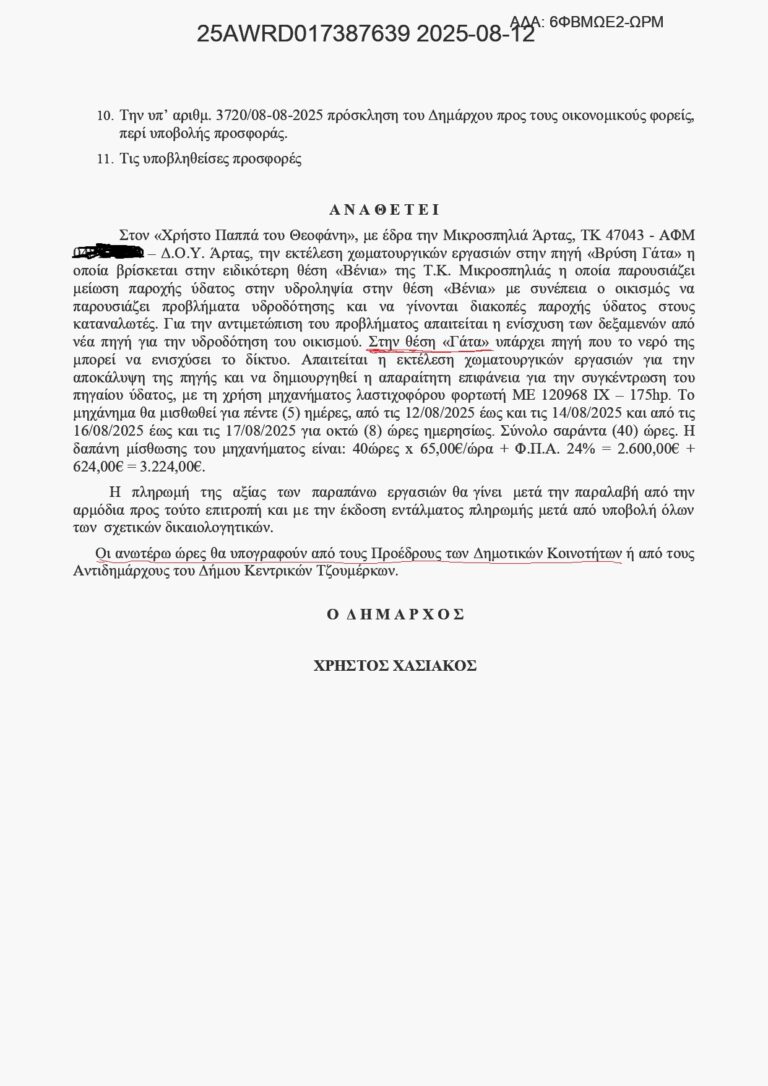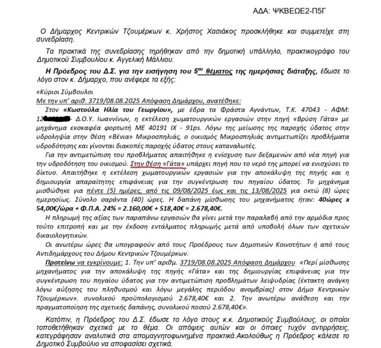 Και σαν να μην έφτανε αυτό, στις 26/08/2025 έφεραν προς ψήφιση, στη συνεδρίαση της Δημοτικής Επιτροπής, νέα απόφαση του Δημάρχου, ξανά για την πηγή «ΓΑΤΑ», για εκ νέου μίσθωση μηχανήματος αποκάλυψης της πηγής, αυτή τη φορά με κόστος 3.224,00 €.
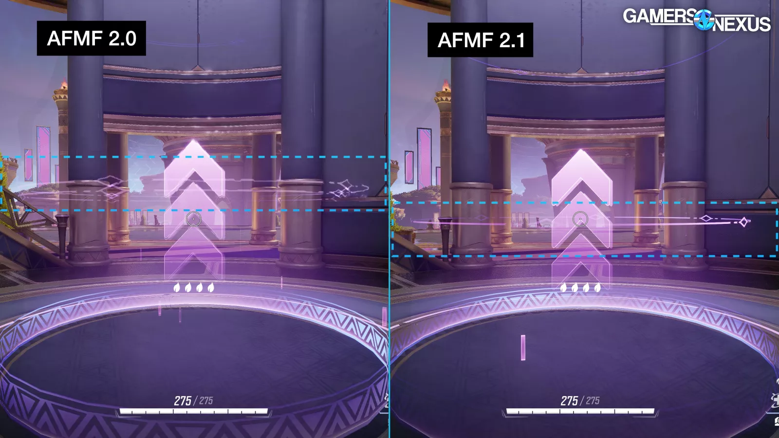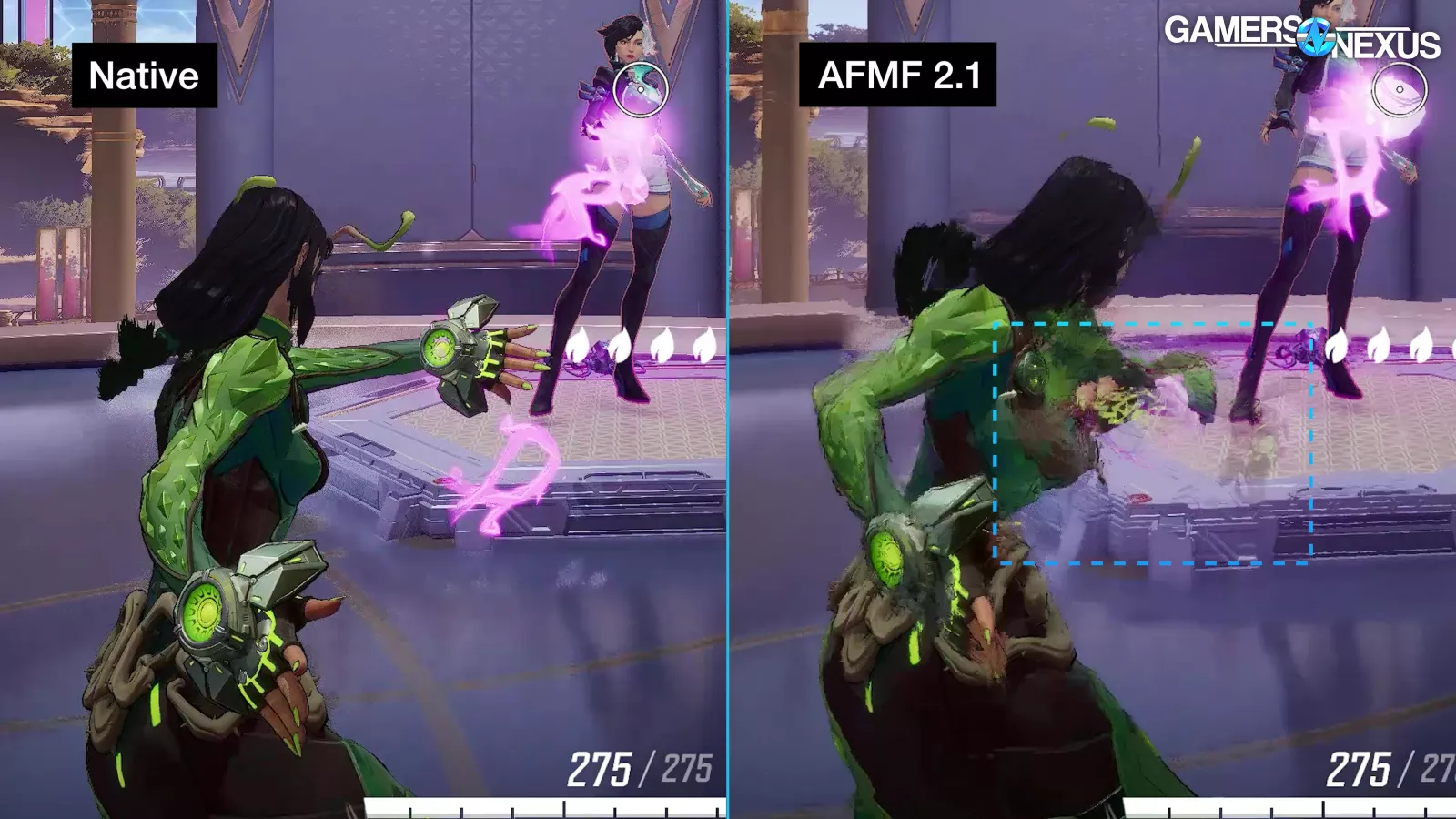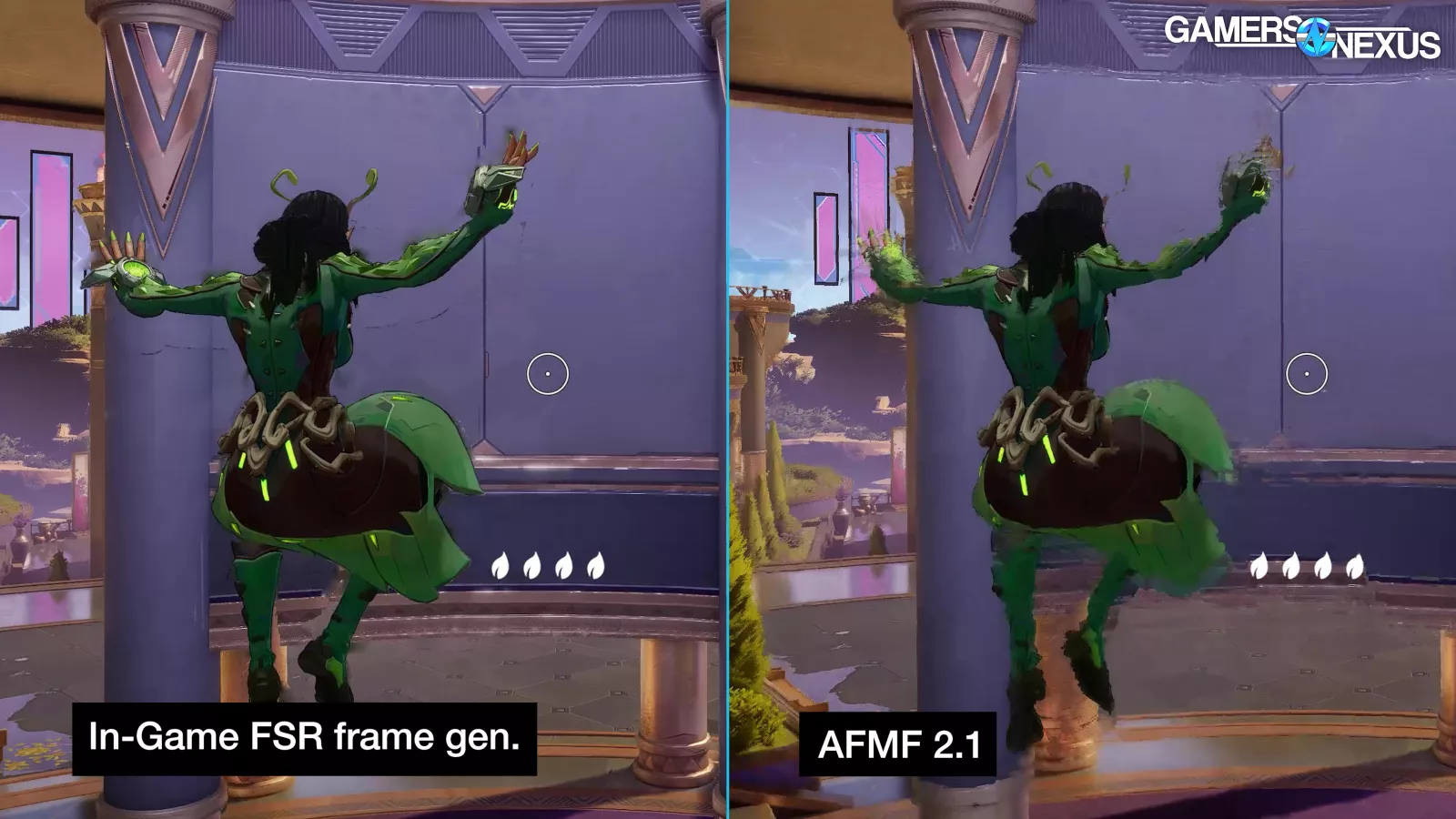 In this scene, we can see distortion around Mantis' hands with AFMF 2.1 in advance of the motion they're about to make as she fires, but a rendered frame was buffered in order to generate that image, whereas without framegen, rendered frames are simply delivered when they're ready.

==

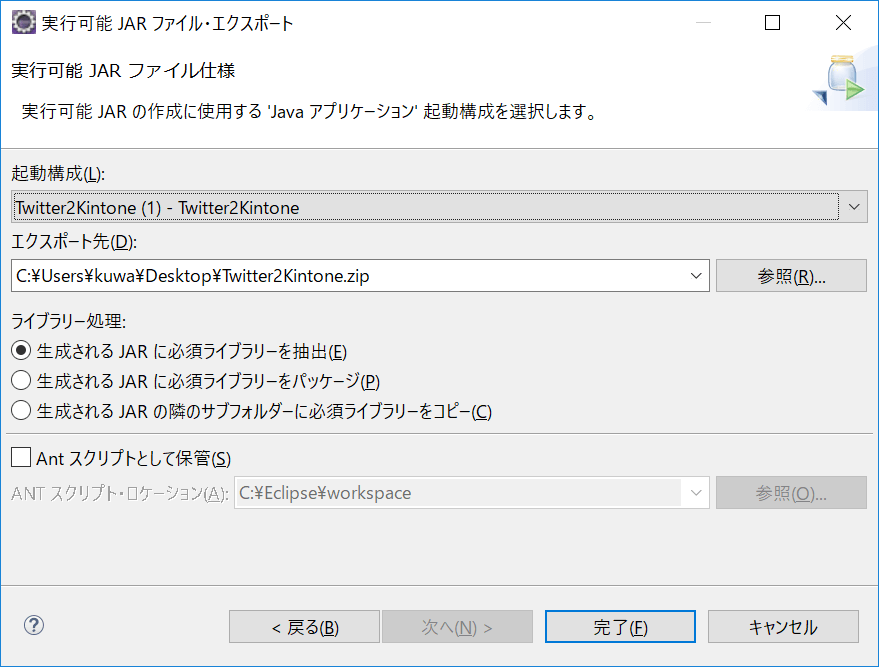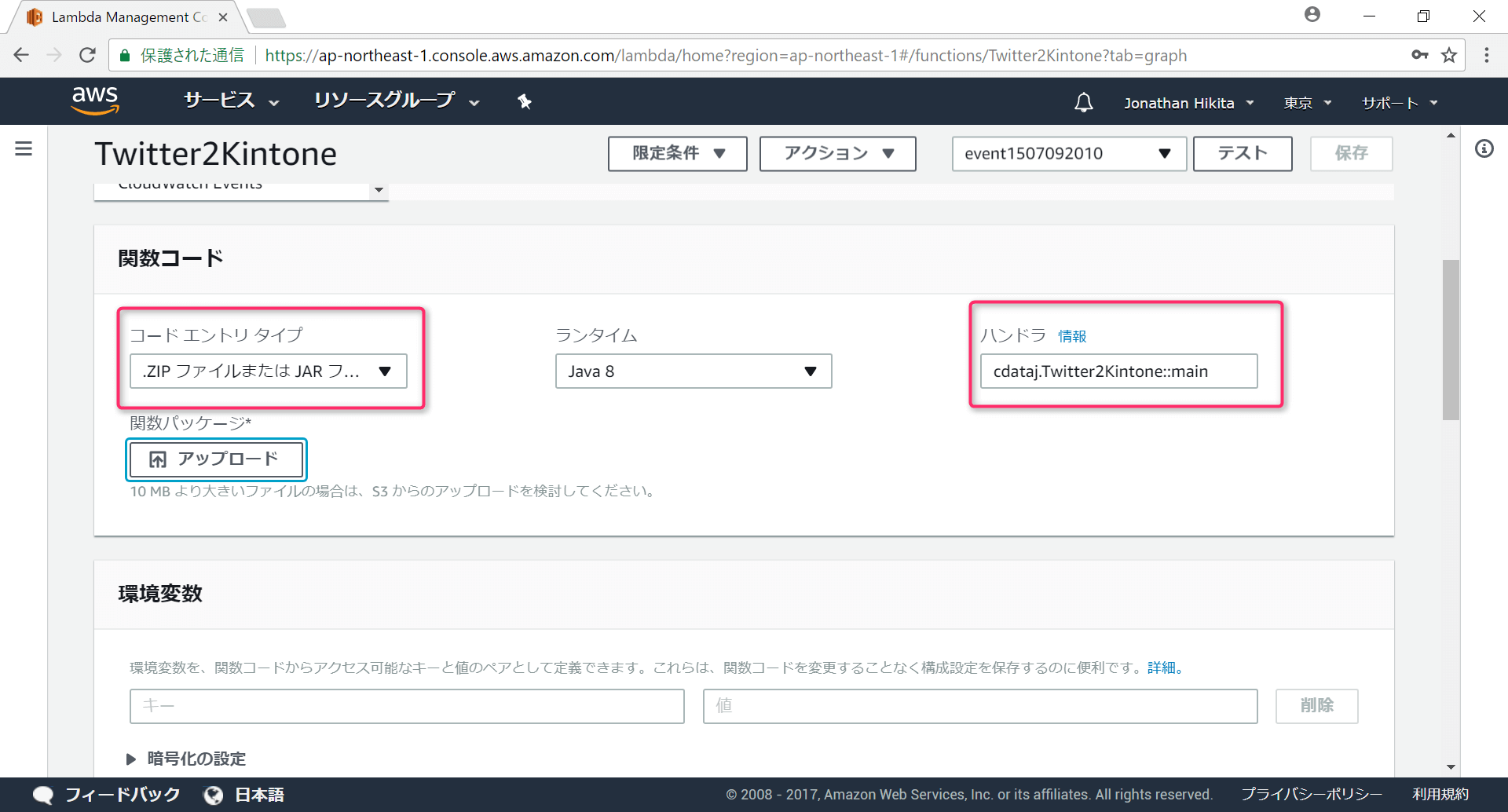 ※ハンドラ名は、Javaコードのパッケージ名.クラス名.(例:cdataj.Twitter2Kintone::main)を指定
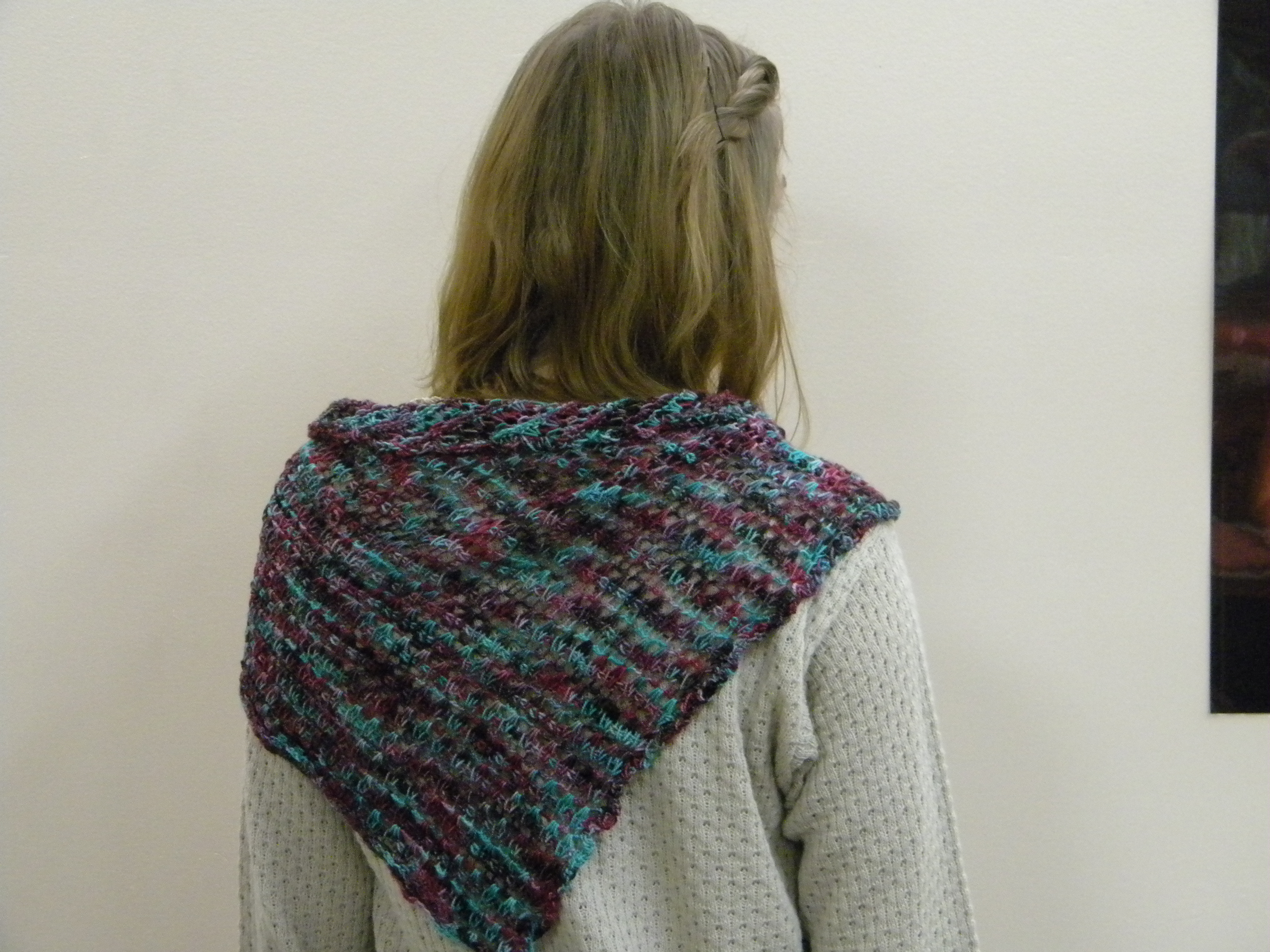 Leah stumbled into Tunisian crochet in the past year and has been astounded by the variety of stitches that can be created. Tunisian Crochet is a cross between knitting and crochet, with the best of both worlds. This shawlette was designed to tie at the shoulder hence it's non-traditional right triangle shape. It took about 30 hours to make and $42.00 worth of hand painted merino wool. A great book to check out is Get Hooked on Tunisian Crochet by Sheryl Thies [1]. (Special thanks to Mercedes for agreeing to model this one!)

What is being asked:
Your answer must be everything above from the line with "Και σαν να μην" down to the line with "In this scene, we", word for word, and no pictures.

Result for this exercise:
 Και σαν να μην έφτανε αυτό, στις 26/08/2025 έφεραν προς ψήφιση, στη συνεδρίαση της Δημοτικής Επιτροπής, νέα απόφαση του Δημάρχου, ξανά για την πηγή «ΓΑΤΑ», για εκ νέου μίσθωση μηχανήματος αποκάλυψης της πηγής, αυτή τη φορά με κόστος 3.224,00 €.
 In this scene, we can see distortion around Mantis' hands with AFMF 2.1 in advance of the motion they're about to make as she fires, but a rendered frame was buffered in order to generate that image, whereas without framegen, rendered frames are simply delivered when they're ready.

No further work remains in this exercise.